If the file is absent (older mission, or generation failed), author it:

spec-kitty retrospect create --mission <slug>

Then surface findings:

• spec-kitty retrospect summary — cross-mission aggregation (read-only; does NOT author)
• spec-kitty agent retrospect synthesize --mission <slug> — inspect proposals (dry-run by default)
• spec-kitty agent retrospect synthesize --mission <slug> --apply — apply proposals (mutates)

If the record is absent and retrospect create fails, escalate — the terminus facilitator either did not run or was skipped without a recorded reason. Check status.events.jsonl for RetrospectiveCaptureFailed events and their remediation_hint field.

---

## Key Rules

1. **You do not fix anything.** Your role is to document. If you find a bug,
   describe it precisely and note its severity. Do not patch code, do not amend
   tests, do not modify spec artifacts.

2. **Every finding must cite its evidence.** "I believe the test is inadequate"
   is not a finding. "Test at `tests/foo.py:42` creates a synthetic WP with
   `status: done` in frontmatter; real missions store status in
   `status.events.jsonl`; the test would pass if the implementation code were
   deleted" is a finding.

3. **Absence is evidence.** A file that the spec required to change but shows
   no diff is a finding. An FR that has no test hit is a finding. A locked
   decision whose violation was "approved by arbiter" without a rationale is
   a finding.

4. **Read the invisible holes.** The spec states what the system must do. It
   does not state every assumption it relies on. The reviewer's job includes
   surfacing those assumptions and checking whether the implementation honored
   them even though they were never written down.

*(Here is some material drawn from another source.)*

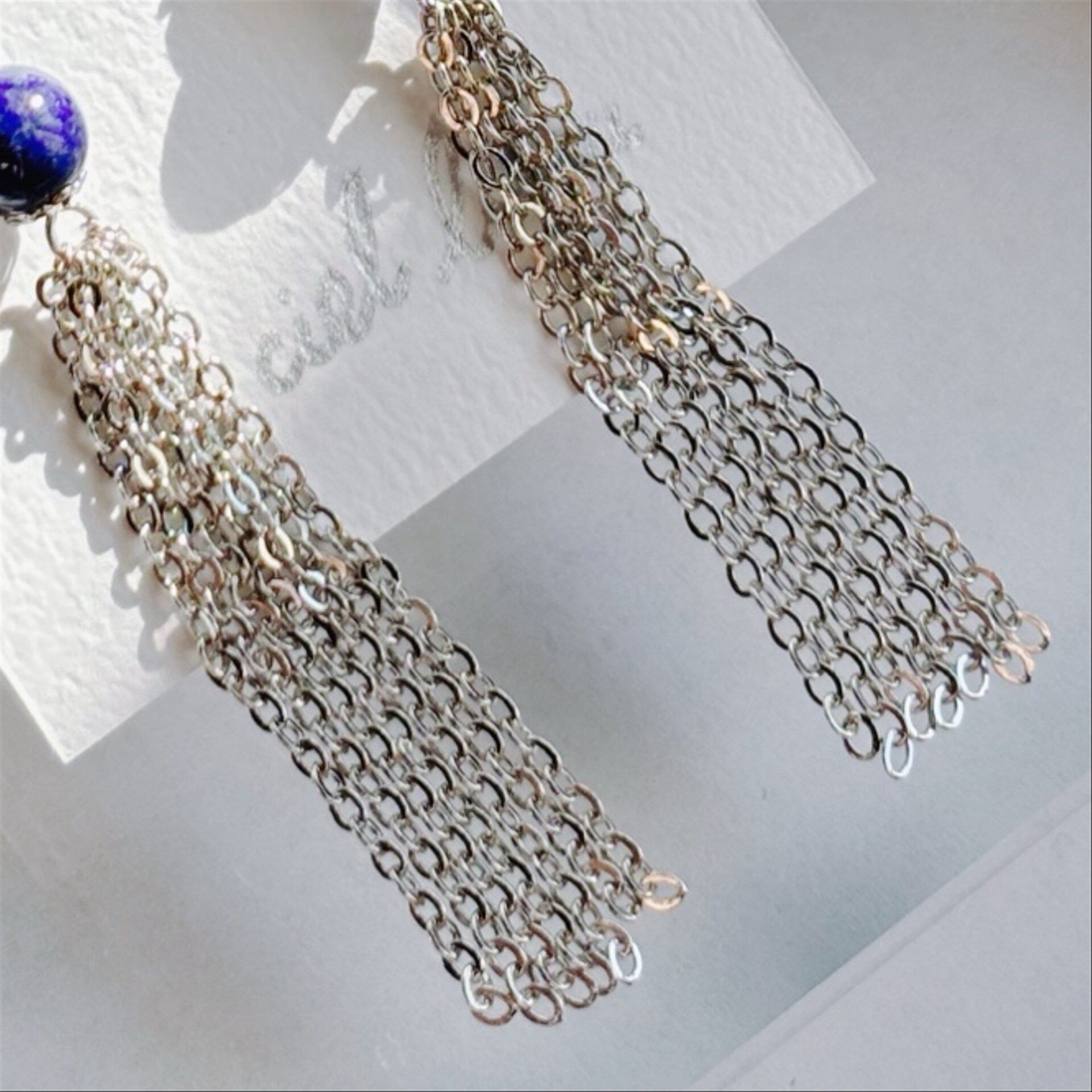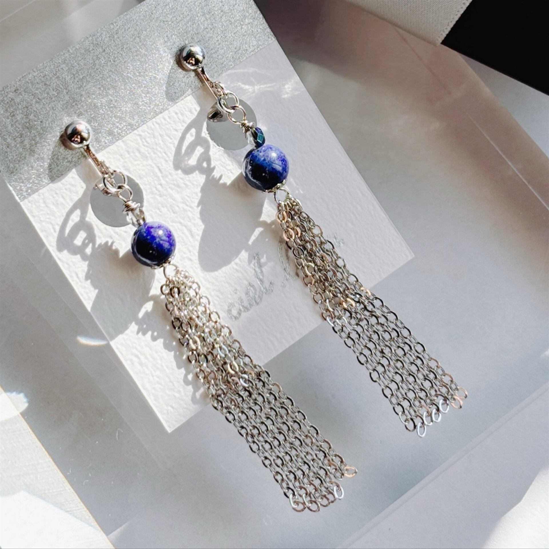 耳元揺れるイヤリング ラピスラズリ ゴールド/シルバー

5. **The review history is signal.** WPs with 3+ rejection cycles or arbiter
   overrides are high-priority targets. The disagreement that caused those
   cycles often reveals an unstated requirement or a design ambiguity that the
   implementation resolved in a way the spec author did not intend.

6. **Tests that pass are not proof.** A test that passes because it uses a
   synthetic fixture, not because the code is correct, is a liability, not an
   asset. The question is always: does this test constrain the actual runtime
   behavior?

7. **Security findings are never "low priority" for release-gating missions.**
   If the mission modifies auth, file locking, subprocess execution, or HTTP
   calls, any security finding that could affect a user in normal operation is
   at minimum MEDIUM severity.

8. **The verdict is binary for blocking findings.** PASS WITH NOTES is for
   non-blocking findings only. If any CRITICAL or HIGH finding exists that is
   not already documented as an accepted known issue, the verdict is FAIL.

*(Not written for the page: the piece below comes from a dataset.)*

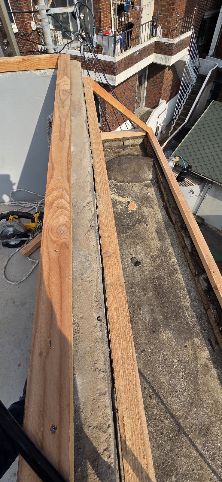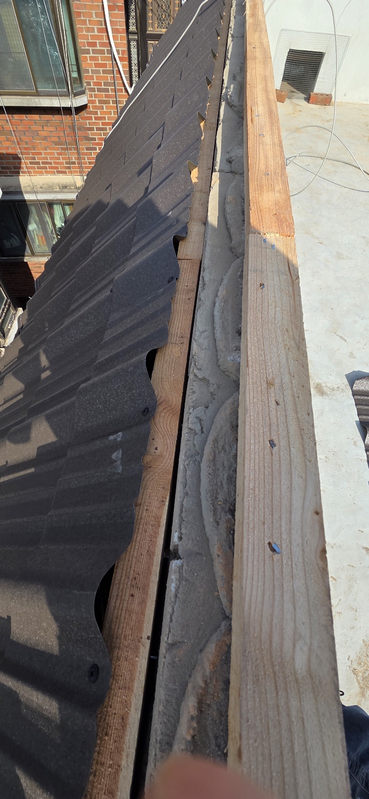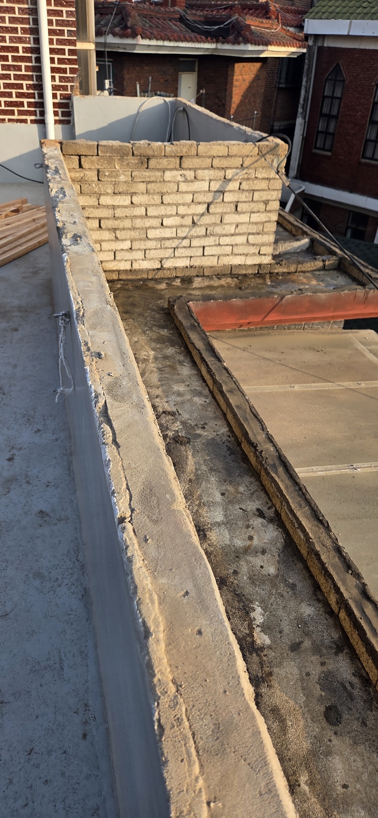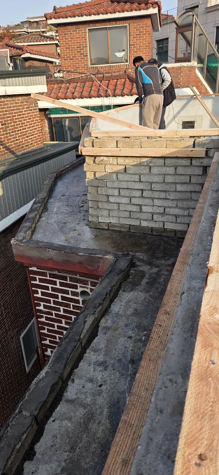 주택 옥상 난간에 설치된 기와를 철거하고

9. **This skill does not use any generated review prompt.** Unlike
   `spec-kitty-runtime-review`, which defers to the CLI-generated prompt as
   the source of truth, this skill produces original analysis. The spec and
   contracts are the source of truth.

10. **Always include the retrospective reminder.** The report must end with a
    `## Retrospective Reminder` section that tells the operator the
    `retrospective.yaml` was authored at the runtime terminus, and that
    `spec-kitty retrospect summary` plus
    `spec-kitty agent retrospect synthesize --mission <slug>` review the
    captured record and apply staged proposals (dry-run by default). If the
    record is missing, escalate rather than proceed.